I don't mind dancing in the rain; just that my shorts bind up after a while. 



Thank you.


----------



## SifuPhil (Aug 3, 2015)

Underock1 said:


> I hear you Phil. My sympathy for your plight. I cry often. God I miss my life! If I haven't cried for a few days, I look at a special picture of my gal with our six month old first born. That always sets me off. If I stop crying for too long, it means I'm forgetting, and that terrifies me. The memories are worth the tears.



I'm just not used to "wimping out" (as I call it) - I'm from the School of Men Who Don't Cry. Yeah, I know that has been poo-pooed by modern culture but my heroes have always been more John Wayne than Alan Alda. Yes, I had a happy upbringing but a series of family deaths when I was a pre-teen kind of put the kibosh on crying - I just ran out of tears, I guess - and the martial arts taught me to pony-on through pain.

"The  memories are worth the tears" ... that's something I'll have to investigate. Thanks.


----------



## Lara (Aug 3, 2015)

Ahhh, John Wayne, "We're gonna take that hill"...Well, it's a new day and I'm glad to see your sense of humor is still in tact Phil…..that's your fuel that will get you through this


----------



## SifuPhil (Aug 3, 2015)

Lara said:


> Well, it's a new day and I'm glad to see your sense of humor is still in tact Phil…..that's your fuel that will get you through this



That's pretty much all I have left, Lara - the body and looks have disappeared and I sold my last Gomer Pyle collectable ...


----------



## SifuPhil (Aug 7, 2015)

Roomie is back from the hospital, after a veritable comedy of errors.

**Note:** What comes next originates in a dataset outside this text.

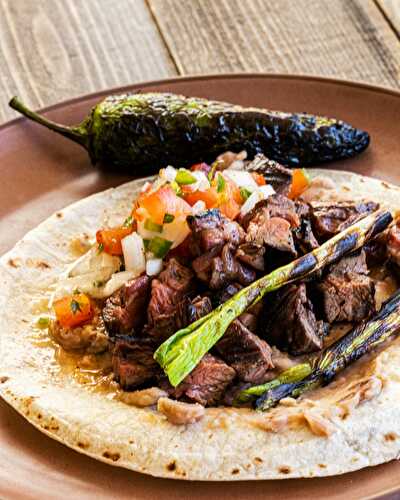 This is a great recipe for authentic Mexican taqueria style tacos carne asada (beef tacos).

First, her cardiac record had been MIXED UP WITH SOMEONE ELSE'S! Yes, the doctors in the first hospital she was going to had somehow mixed up her test results with another person's. 

Luckily she went for the catheterization and subsequent open-heart work to a second hospital with different doctors, who discovered the mix-up.

As a result, she did NOT need the heart surgery. The first hospital had told her she had 3 blockages of 30%, 40% and 70% - turns out she has ONE minor one.

So, she ended up having a stent placed in her affected leg and she's scheduled for home rehab. Much better results.


----------



## hollydolly (Aug 7, 2015)

OH fantastic news, I was only wondering this morning how she was getting along, what a huge relief all round. ...but dear God getting her cardiac results mixed up with someone else...jeezus...sounds like you have a health service like ours!!


----------



## SifuPhil (Aug 7, 2015)

Unfortunately I think you're right. 

I guess that's why they say to always get a second opinion ...


----------



## Lara (Aug 7, 2015)

Good Lord. What a major change of events. You can breathe a sigh of relief now. I'm happy for you both. I agree, get a second opinion!…..

I went for my annual check up with a new doctor last year in a very healthy state. I had a CBC done; Doctor said lab results were good, but then called me a week later to tell me that a new standard had been set for reading lab results and mine now indicated that I needed to be on $tatins and blood pressure medication for life! I told her I'd do ANYthing before putting toxic $tatins in my body, like exercise, diet, etc. She gave me all kinds of horror stories if I didn't take the meds and called in my prescriptions. 

I never picked them up but instead went home, googled, and found that I should get a Calcium Plaque Scan before taking $tatins. It said if you don't have much plaque in your arteries then you don't have any problem. Within 12 hours I also randomly, by happenstance, came across a doctor's show on TV…topic was the Plaque Scan!...saying the same thing I read online. Is that divine intervention or what! 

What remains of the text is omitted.